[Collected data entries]
§ §

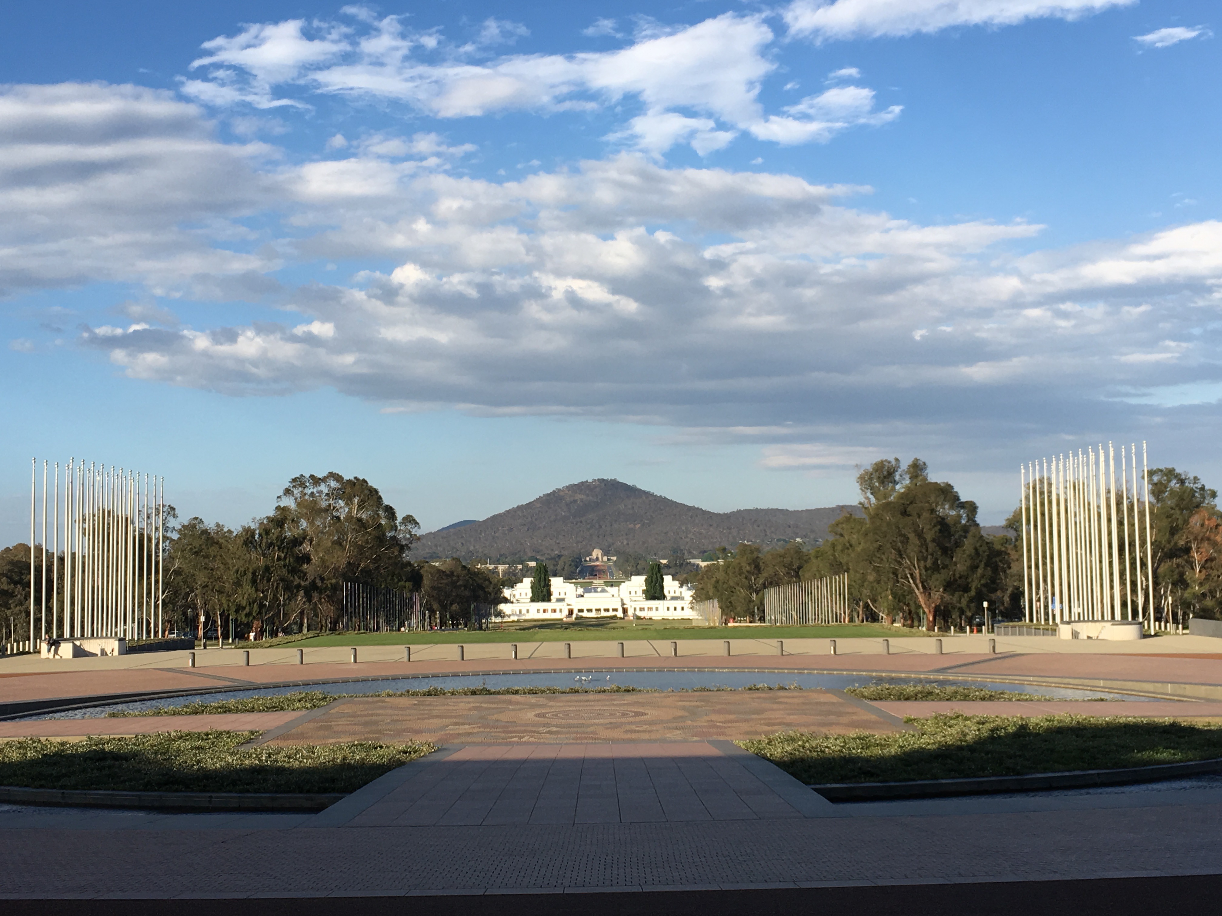 Leave a commentView from the front of new Parliament House, with the old Parliament House in the background, and, in the far background, the magnificent War Memorial.
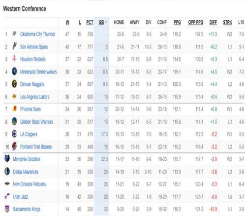 最新的西部排名:雷霆、馬刺、火箭、森林狼、掘金、湖人、太陽、勇士、快船、開拓者、灰熊、獨行俠、鵜鶘、爵士、國王。
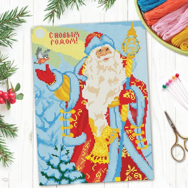 —Новогодняя вышивка крестиком «С Новым годом!» 25x35 см. Набор для творчества
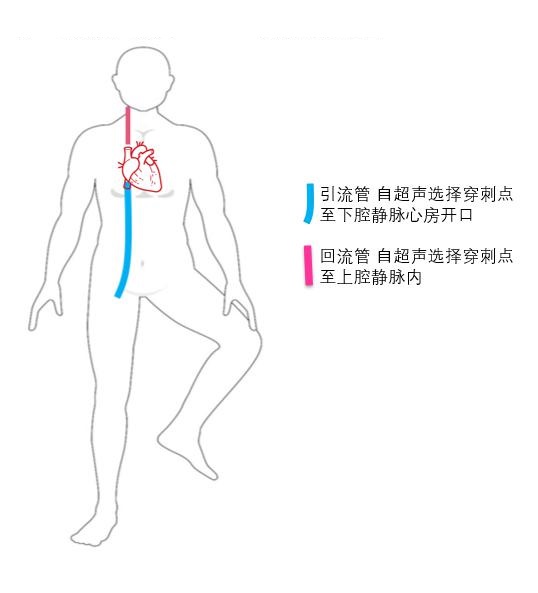 | 图 15 VV-ECMO引流管(蓝色)和回输管(红色)的距离 |
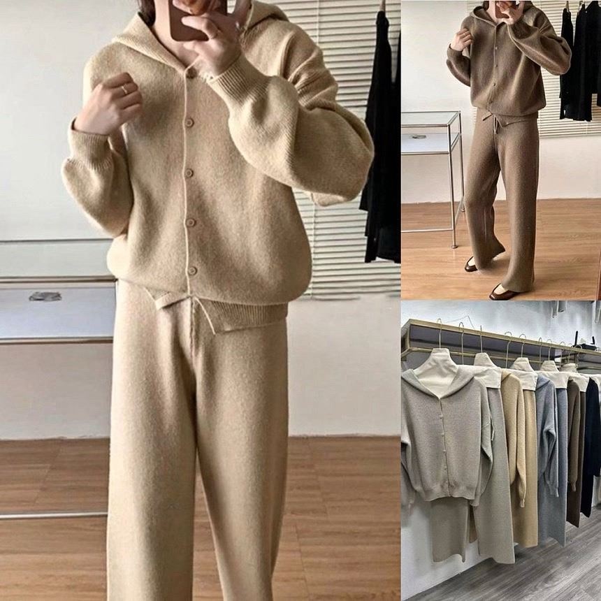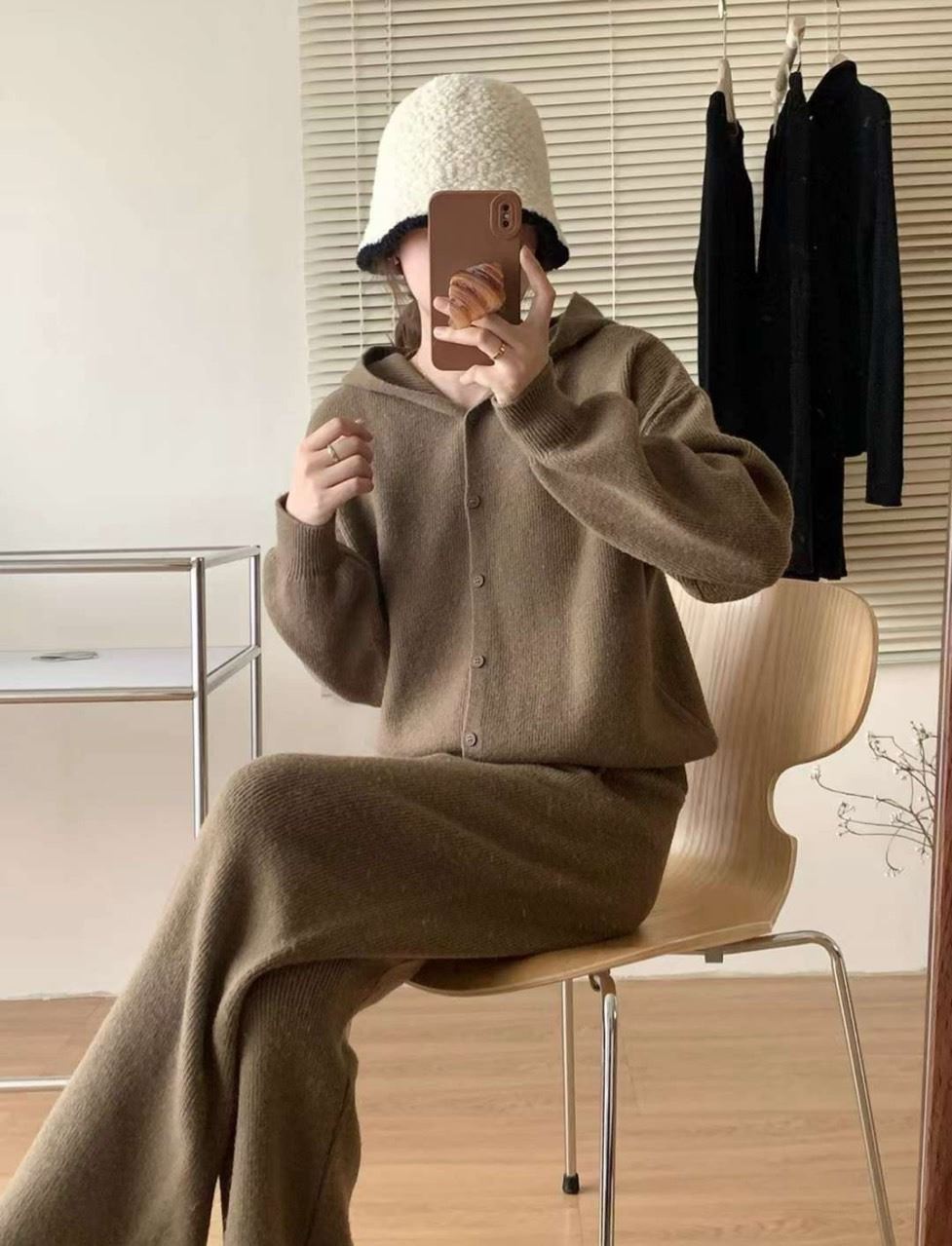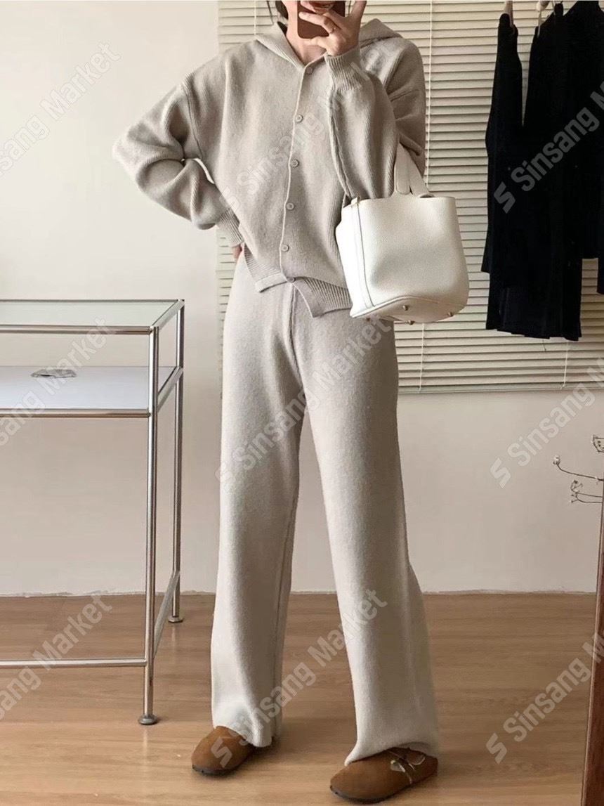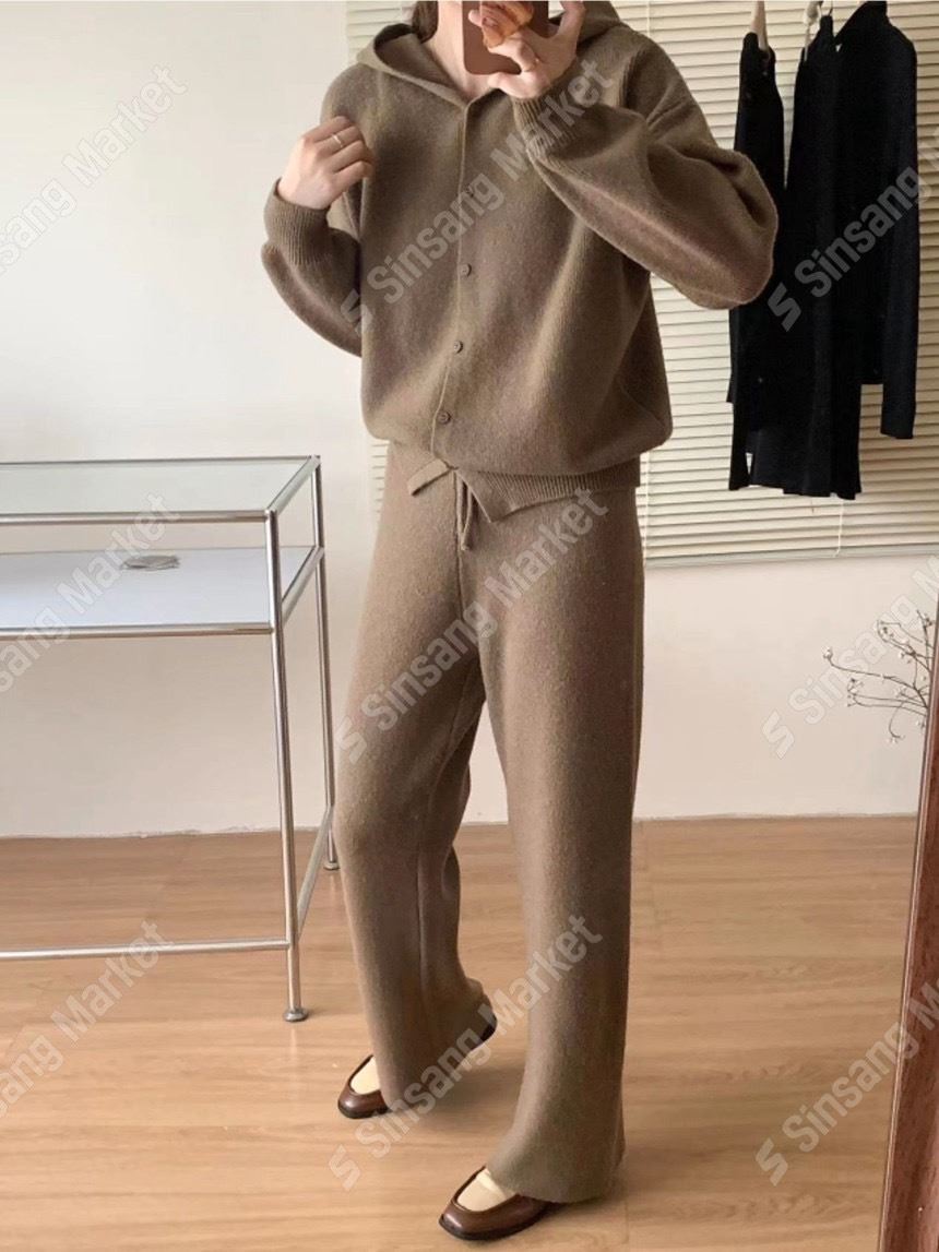 보들 후드 니트 가디건 밴딩 팬츠 세트
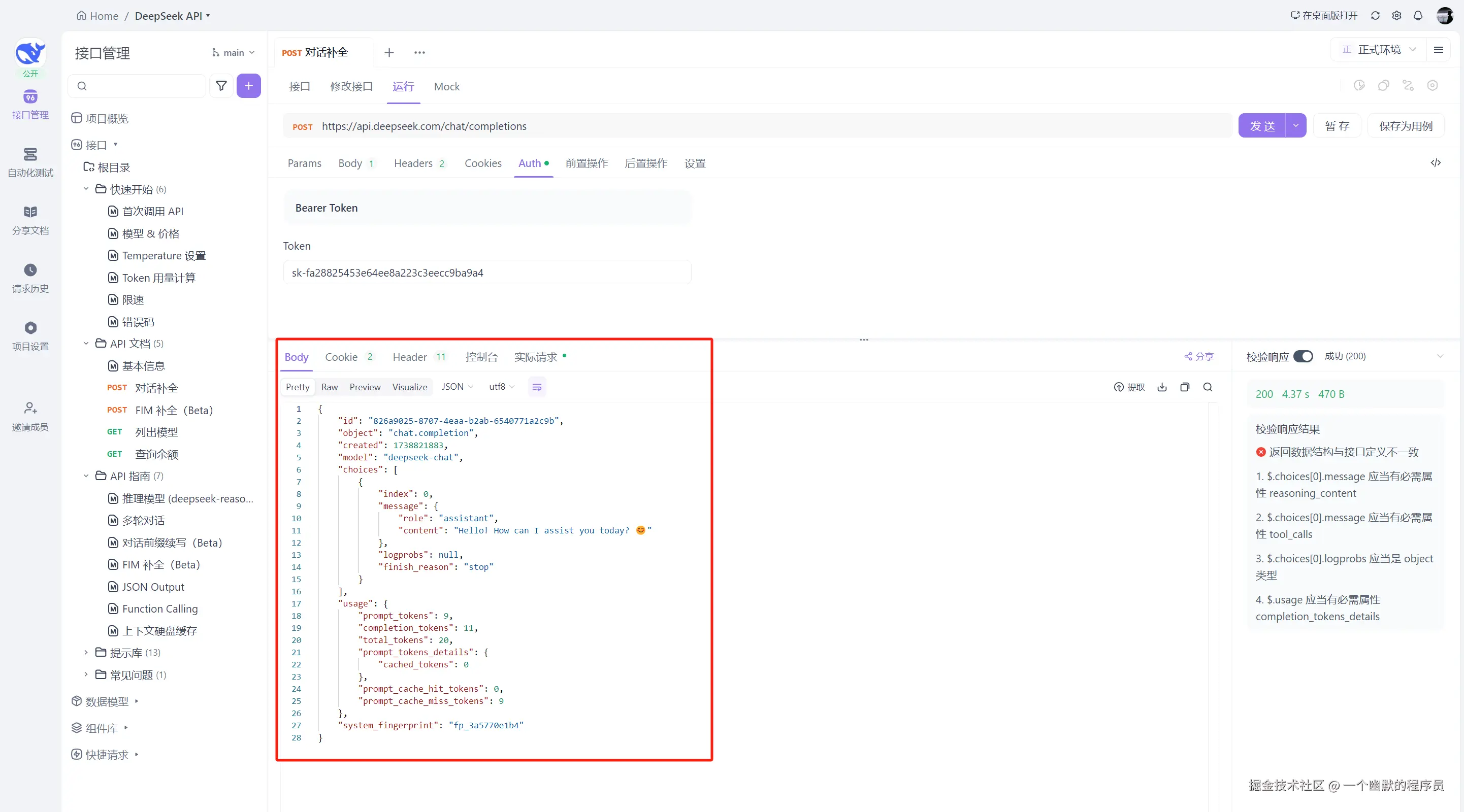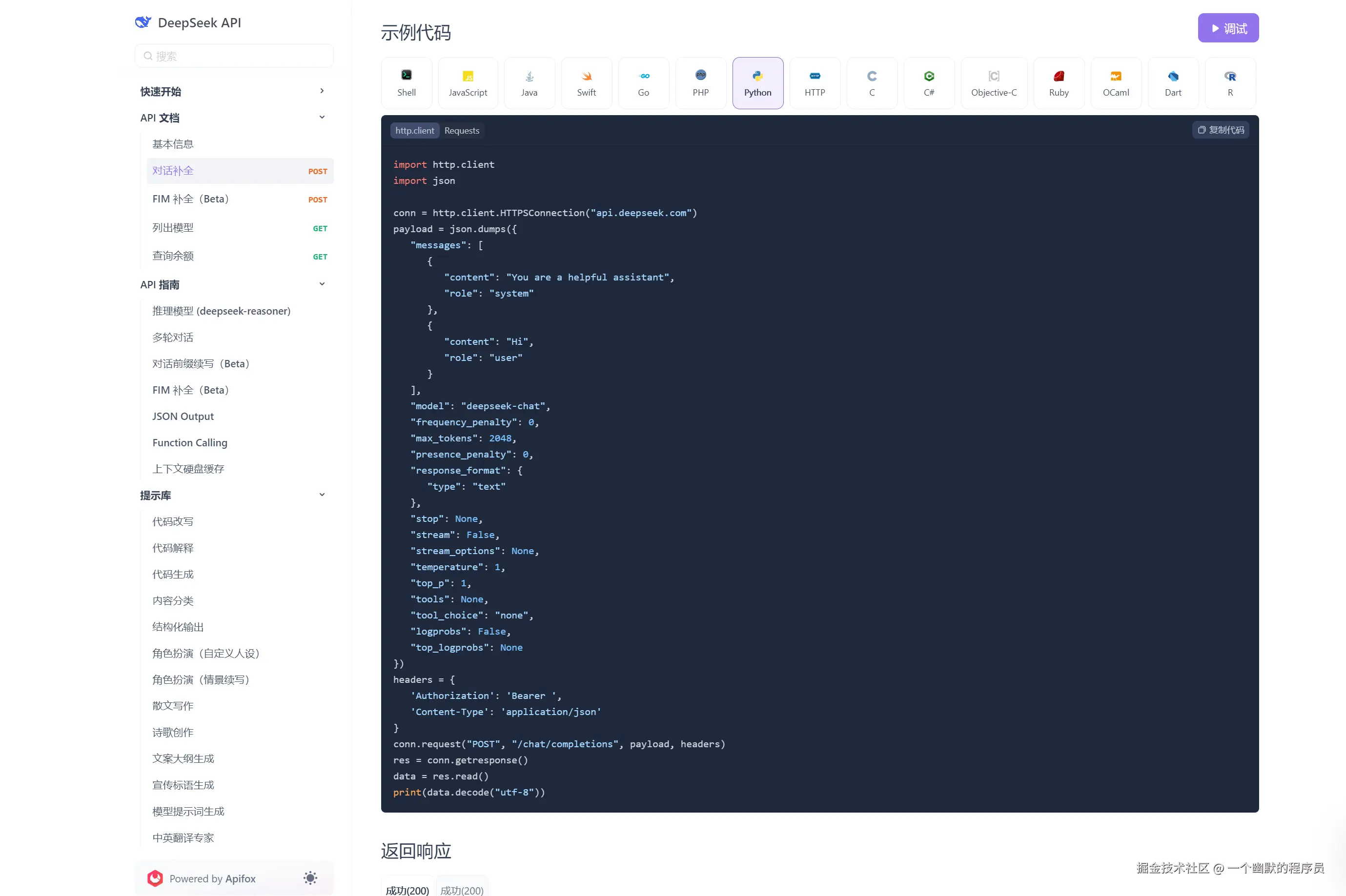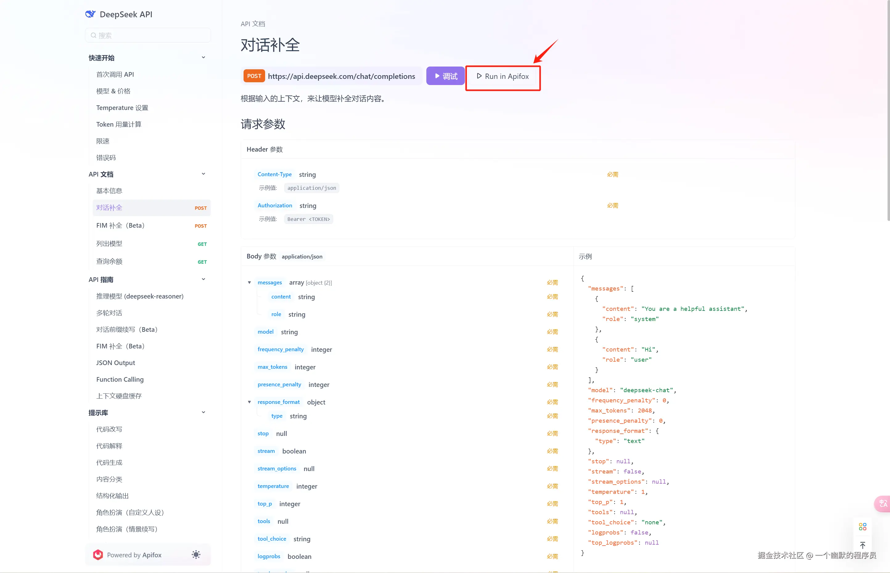 - 访问由 Apifox 创建的 DeepSeek 在线 API 文档。
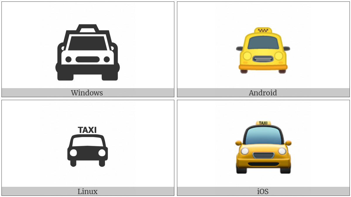 The image below shows how the “Oncoming Taxi” symbol might look like on different operating systems. If the font in which this web site is displayed does not contain the symbol and there is no fallback font able to render it, you can use the image below to get an idea of what it should look like.
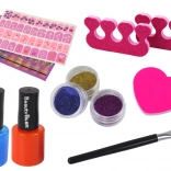 Dieses Kinder-Maniküre-Set bietet eine umfangreiche Ausstattung für spielerisches Nageldekor. Zwei Lacke (blau und orange), drei Glitzerfarben (rosa, gold, blau) und Sticker-Sets ermöglichen einzigartige Designs und einen spielerischen Einstieg in die Welt des Nail Art.

§ §

--- Description of the task ---
Only the lines from the one with "最新的西部排名:雷霆、馬刺、" through the final line of the entries belong in the answer, set down exactly, with both ends included and no pictures.

--- Response below ---
 最新的西部排名:雷霆、馬刺、火箭、森林狼、掘金、湖人、太陽、勇士、快船、開拓者、灰熊、獨行俠、鵜鶘、爵士、國王。
 —Новогодняя вышивка крестиком «С Новым годом!» 25x35 см. Набор для творчества
 | 图 15 VV-ECMO引流管(蓝色)和回输管(红色)的距离 |
 보들 후드 니트 가디건 밴딩 팬츠 세트
 - 访问由 Apifox 创建的 DeepSeek 在线 API 文档。
 The image below shows how the “Oncoming Taxi” symbol might look like on different operating systems. If the font in which this web site is displayed does not contain the symbol and there is no fallback font able to render it, you can use the image below to get an idea of what it should look like.
 Dieses Kinder-Maniküre-Set bietet eine umfangreiche Ausstattung für spielerisches Nageldekor. Zwei Lacke (blau und orange), drei Glitzerfarben (rosa, gold, blau) und Sticker-Sets ermöglichen einzigartige Designs und einen spielerischen Einstieg in die Welt des Nail Art.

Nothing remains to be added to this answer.